A haunting and mellow memory play, it’s an intimate, deeply etched portrait of a woman at three stages of her life: as a young woman of 26, a middle-aged 52 year old, and an old woman of 92 (though she claims she’s actually 91), slipping into dementia.
Albee has said that the writing of the play was “a kind of exorcism. And I didn’t end up any more fond of the woman after I finished it than when I started.”
Through the captivating performances of Glenda Jackson, Laurie Metcalf and Alison Pill, playing the role with angry defiance, weary disappointment and eager expectation respectively, the play provides a gripping, taunting picture of the life decisions that shape who we become.
These are three actors of real stage pedigree who have also earned above-the-marquee status for their film work. As the ageing matriarch, Jackson follows her King Lear for the Old Vic with another stunning performance, one equally full of rage as of helplessness. She has a stern, formidable countenance, but to see her face fall into confusion is truly moving. Her phenomenal voice, with a lightly worn patrician American accent, is full of grace but also grit.

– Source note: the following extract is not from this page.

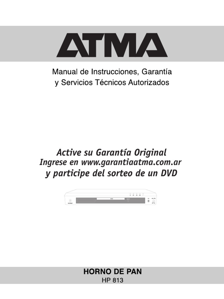 Manual de máquina de pan atma hp4060 en español, indicaciones, programas, cómo utilizarlo, servicio técnico. Manual y recetario de horno de pan atma hp 813 dependiendo del tamaño del archivo puede tardar en cargar, esperalo.

Metcalf has long been an American stage great, as well being recently Oscar-nominated for Lady Bird, and she’s mesmerising in her brittle, wounded intensity as the middle-aged woman, her pain as palpable as her disappointment, looking on in wary horror at what she will one day become. Alison Pill is both poised and poignant, morphing from a legal assistant who comes to sort out her papers to embodying the character’s younger self. Albee’s play elides effortlessly between each of their statuses, and in Joe Mantello’s beautifully calibrated production these three tall women seamlessly become one.
It’s an acting masterclass, but it also contains a coup de theatre that it would be wrong to reveal. Suffice to say that Miriam Buether’s handsome bedroom set – all cream and soft furnishings – turns out to conceal its own harrowing character.